Verlasst euch nicht nur auf die App! Ich gehe die Sache buchstäblich so an, als würde ich einen Manager für ein Großunternehmen einstellen. Ich schreibe sie an, frage nach zwei echten Telefonnummern von Eltern, für die sie bereits gearbeitet haben, und ich rufe dort an. Dann bezahle ich den Sitter dafür, für eine zweistündige „Mother's Helper“-Schicht vorbeizukommen, während ich noch zu Hause bin. Wenn sie panische Angst vor meinem Hund zu haben scheinen oder nicht wissen, wie man eine Windel wechselt, ohne in Panik zu geraten, gibt es keine weitere Zusammenarbeit. Das mag unangenehm sein, aber es ist besser, als zu Hause ein Chaos vorzufinden.

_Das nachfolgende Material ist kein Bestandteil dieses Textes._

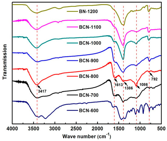 Fourier transform infrared (FTIR) spectra of boron carbonitride (BCN)-600, BCN-700, BCN-800, BCN-900, BCN-1000, BCN-1100, and BN-1200.

Welche Snacks kann man einem Babysitter wirklich bedenkenlos überlassen?
Echtes, richtiges Essen. Ich schneide Erdbeeren, Bananen und Käsesticks in Stücke, packe alles in eine sehr auffällige Dose ganz vorne in den Kühlschrank und klebe einen Post-it mit der Aufschrift „MAYAS ESSEN“ darauf. Legt keine Quetschies oder fertige „Kleinkind-Snacks“ bereit. Die Sitter werden sie einfach rausrücken, um sich Ruhe zu erkaufen, und plötzlich hat euer Kind vor dem Schlafengehen 30 Gramm versteckten Zucker intus.

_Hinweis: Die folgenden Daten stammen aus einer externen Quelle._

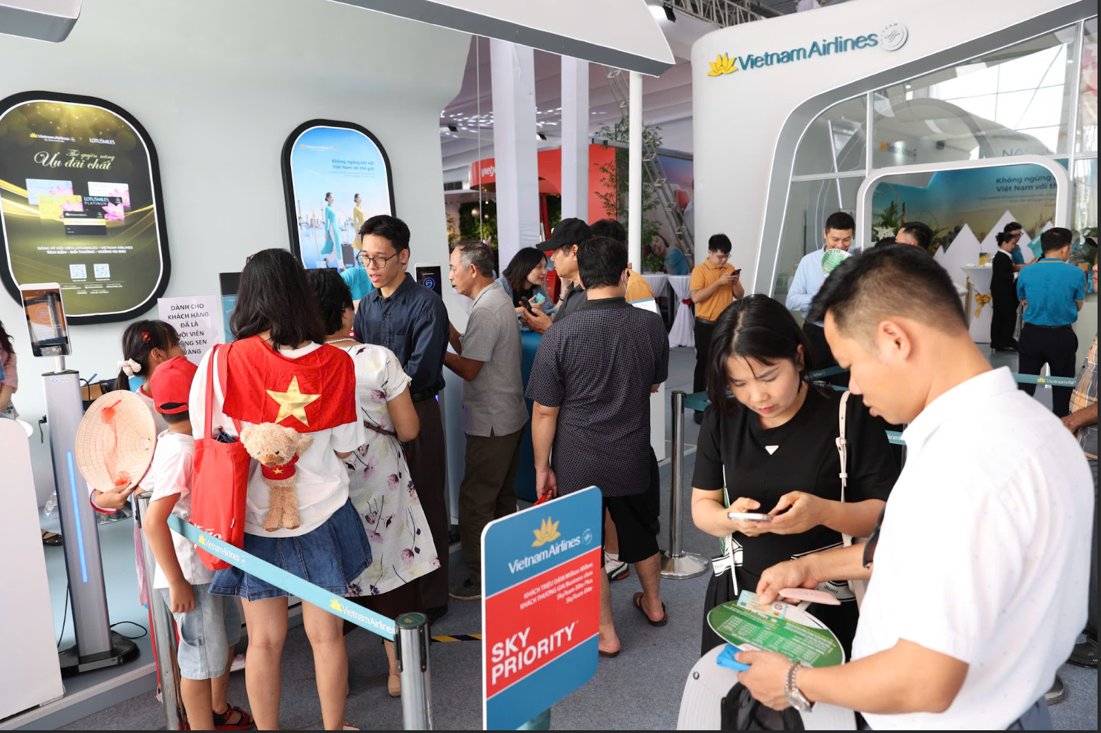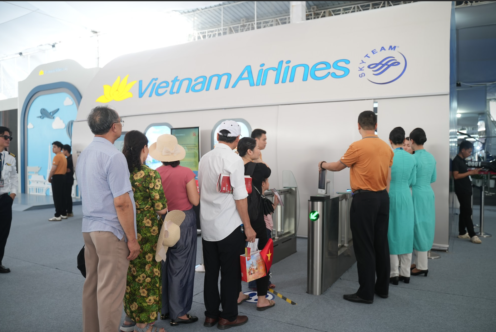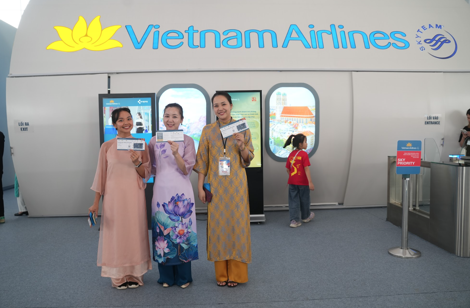 Không chỉ đơn thuần là tấm thẻ lên máy bay, mỗi boarding pass còn mang ý nghĩa tượng trưng cho một chuyến bay cảm xúc. Khách tham quan được hóa thân thành những hành khách thực thụ, bước vào không gian triển lãm rộng 1.500 m² – gian trưng bày hàng không lớn nhất tại sự kiện, nằm ở vị trí trung tâm khu hàng không vũ trụ trong phân khu “Khát vọng bầu trời”.

Ist Fruchtsaft wirklich so schlecht für Babys?
Laut Dr. Miller: ja. Das hat mich völlig aus den Socken gehauen, weil ich als Kind selbst literweise Apfelsaft getrunken habe. Aber anscheinend spült Saft, wenn die Ballaststoffe der eigentlichen Frucht fehlen, den Zucker direkt in ihre kleinen Blutbahnen. Das verursacht massive Energiespitzen (daher mein auf dem Teppich vibrierendes Baby) und dann fürchterliche Einbrüche. Bei uns gibt es jetzt strikt nur noch Wasser oder Muttermilch/Pre-Nahrung.

Sollte ich den Babysitter für einen Probelauf bezahlen?
Verdammt ja. Bezahlt Leute immer für ihre Zeit. Selbst wenn ihr nur im Nebenzimmer sitzt und einen Podcast hört, während sie mit eurem Kind Bausteine stapeln – sie arbeiten. Zahlt ihnen ihren vollen Stundenlohn.

Was ist, wenn der Babysitter meine Regeln zum sicheren Babyschlaf ignoriert?
Feuert sie. Das meine ich todernst. Wenn ich nach Hause komme und eine Decke im Kinderbettchen sehe oder herausfinde, dass sie das Baby in der Wippe haben schlafen lassen, weil „sie so friedlich aussah“, kommen sie nie wieder in mein Haus. Schlafsicherheit ist die einzige Sache, bei der ich absolut keine Kompromisse mache. Das Risiko des plötzlichen Kindstods (SIDS) ist einfach zu erschreckend, um aus Höflichkeit wegzusehen.